- **WHAT NEEDS TO BE DONE**: Each entry below is to be transcribed exactly; pictures are not copied.

▽

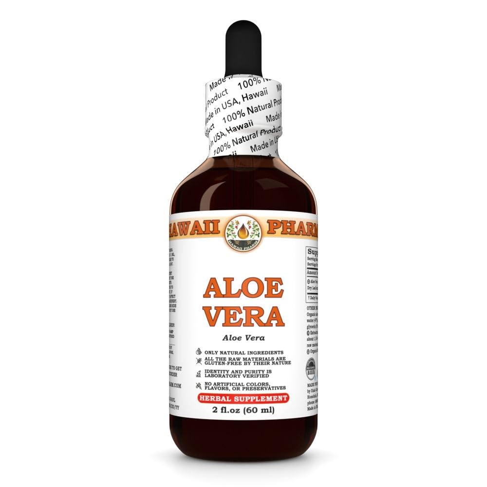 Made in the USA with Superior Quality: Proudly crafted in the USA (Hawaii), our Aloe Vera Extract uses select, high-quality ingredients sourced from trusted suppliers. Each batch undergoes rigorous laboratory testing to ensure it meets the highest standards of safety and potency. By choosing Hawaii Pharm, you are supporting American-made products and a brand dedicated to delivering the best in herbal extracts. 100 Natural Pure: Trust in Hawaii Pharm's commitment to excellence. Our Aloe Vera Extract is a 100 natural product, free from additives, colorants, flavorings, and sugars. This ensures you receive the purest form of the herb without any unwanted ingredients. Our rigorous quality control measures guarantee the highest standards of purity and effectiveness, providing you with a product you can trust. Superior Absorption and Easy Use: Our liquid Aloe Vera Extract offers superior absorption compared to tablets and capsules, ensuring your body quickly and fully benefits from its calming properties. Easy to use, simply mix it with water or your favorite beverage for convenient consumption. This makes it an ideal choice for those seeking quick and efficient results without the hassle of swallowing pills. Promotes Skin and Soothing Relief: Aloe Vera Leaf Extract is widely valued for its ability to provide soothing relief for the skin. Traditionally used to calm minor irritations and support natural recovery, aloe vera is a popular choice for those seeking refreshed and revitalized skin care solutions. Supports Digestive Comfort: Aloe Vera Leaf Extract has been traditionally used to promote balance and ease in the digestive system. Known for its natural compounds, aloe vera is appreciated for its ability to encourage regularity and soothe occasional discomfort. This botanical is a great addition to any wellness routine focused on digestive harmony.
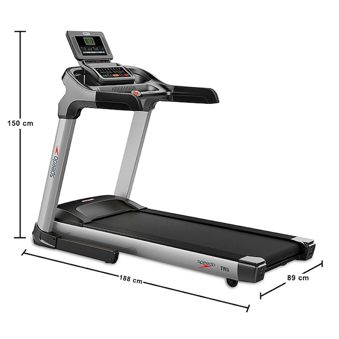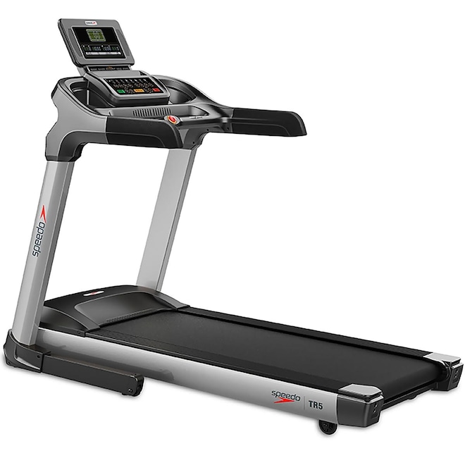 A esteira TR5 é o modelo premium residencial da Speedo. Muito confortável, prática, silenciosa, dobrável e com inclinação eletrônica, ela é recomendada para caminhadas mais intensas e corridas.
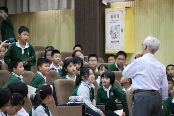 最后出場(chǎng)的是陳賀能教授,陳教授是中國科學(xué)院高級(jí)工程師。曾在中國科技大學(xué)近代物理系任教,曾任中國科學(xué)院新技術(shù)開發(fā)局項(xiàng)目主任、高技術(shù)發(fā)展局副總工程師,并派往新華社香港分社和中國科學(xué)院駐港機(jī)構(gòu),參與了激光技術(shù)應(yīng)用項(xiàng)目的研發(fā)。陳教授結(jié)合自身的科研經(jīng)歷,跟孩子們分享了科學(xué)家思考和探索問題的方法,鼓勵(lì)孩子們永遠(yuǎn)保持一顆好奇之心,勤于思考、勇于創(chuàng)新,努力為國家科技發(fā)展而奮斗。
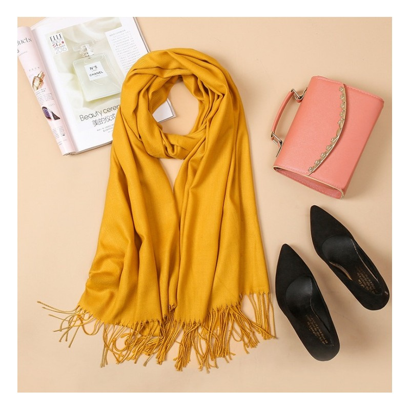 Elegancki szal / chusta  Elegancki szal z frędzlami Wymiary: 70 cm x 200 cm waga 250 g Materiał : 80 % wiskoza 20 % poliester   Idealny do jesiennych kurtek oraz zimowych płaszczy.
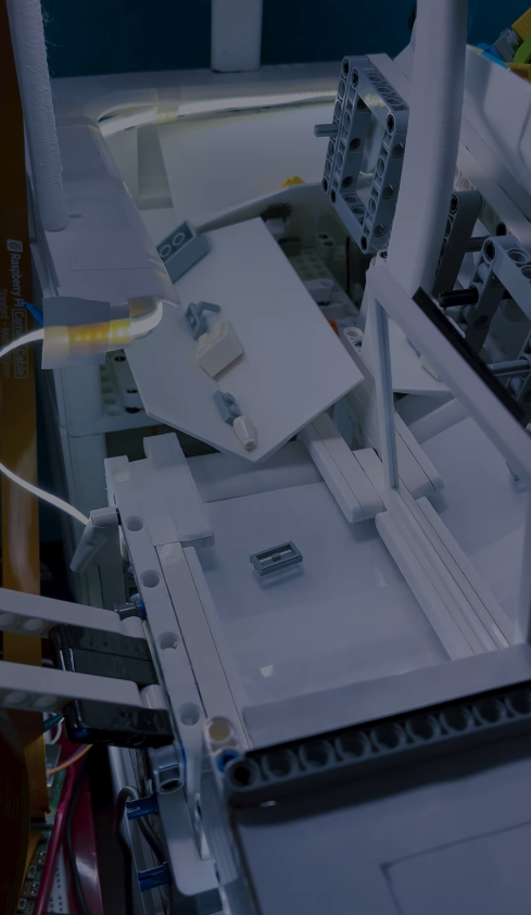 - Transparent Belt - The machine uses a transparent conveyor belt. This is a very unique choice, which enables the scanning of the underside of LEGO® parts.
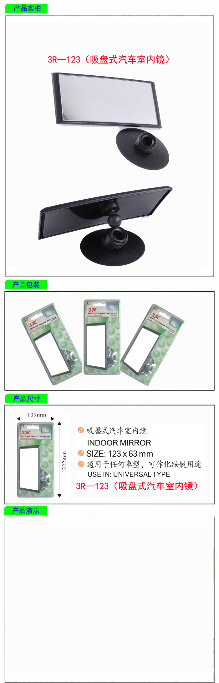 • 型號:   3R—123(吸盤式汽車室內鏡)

△

- **EXERCISE OUTPUT**:
 Made in the USA with Superior Quality: Proudly crafted in the USA (Hawaii), our Aloe Vera Extract uses select, high-quality ingredients sourced from trusted suppliers. Each batch undergoes rigorous laboratory testing to ensure it meets the highest standards of safety and potency. By choosing Hawaii Pharm, you are supporting American-made products and a brand dedicated to delivering the best in herbal extracts. 100 Natural Pure: Trust in Hawaii Pharm's commitment to excellence. Our Aloe Vera Extract is a 100 natural product, free from additives, colorants, flavorings, and sugars. This ensures you receive the purest form of the herb without any unwanted ingredients. Our rigorous quality control measures guarantee the highest standards of purity and effectiveness, providing you with a product you can trust. Superior Absorption and Easy Use: Our liquid Aloe Vera Extract offers superior absorption compared to tablets and capsules, ensuring your body quickly and fully benefits from its calming properties. Easy to use, simply mix it with water or your favorite beverage for convenient consumption. This makes it an ideal choice for those seeking quick and efficient results without the hassle of swallowing pills. Promotes Skin and Soothing Relief: Aloe Vera Leaf Extract is widely valued for its ability to provide soothing relief for the skin. Traditionally used to calm minor irritations and support natural recovery, aloe vera is a popular choice for those seeking refreshed and revitalized skin care solutions. Supports Digestive Comfort: Aloe Vera Leaf Extract has been traditionally used to promote balance and ease in the digestive system. Known for its natural compounds, aloe vera is appreciated for its ability to encourage regularity and soothe occasional discomfort. This botanical is a great addition to any wellness routine focused on digestive harmony.
 A esteira TR5 é o modelo premium residencial da Speedo. Muito confortável, prática, silenciosa, dobrável e com inclinação eletrônica, ela é recomendada para caminhadas mais intensas e corridas.
 最后出場(chǎng)的是陳賀能教授,陳教授是中國科學(xué)院高級(jí)工程師。曾在中國科技大學(xué)近代物理系任教,曾任中國科學(xué)院新技術(shù)開發(fā)局項(xiàng)目主任、高技術(shù)發(fā)展局副總工程師,并派往新華社香港分社和中國科學(xué)院駐港機(jī)構(gòu),參與了激光技術(shù)應(yīng)用項(xiàng)目的研發(fā)。陳教授結(jié)合自身的科研經(jīng)歷,跟孩子們分享了科學(xué)家思考和探索問題的方法,鼓勵(lì)孩子們永遠(yuǎn)保持一顆好奇之心,勤于思考、勇于創(chuàng)新,努力為國家科技發(fā)展而奮斗。
 Elegancki szal / chusta  Elegancki szal z frędzlami Wymiary: 70 cm x 200 cm waga 250 g Materiał : 80 % wiskoza 20 % poliester   Idealny do jesiennych kurtek oraz zimowych płaszczy.
 - Transparent Belt - The machine uses a transparent conveyor belt. This is a very unique choice, which enables the scanning of the underside of LEGO® parts.
 • 型號:   3R—123(吸盤式汽車室內鏡)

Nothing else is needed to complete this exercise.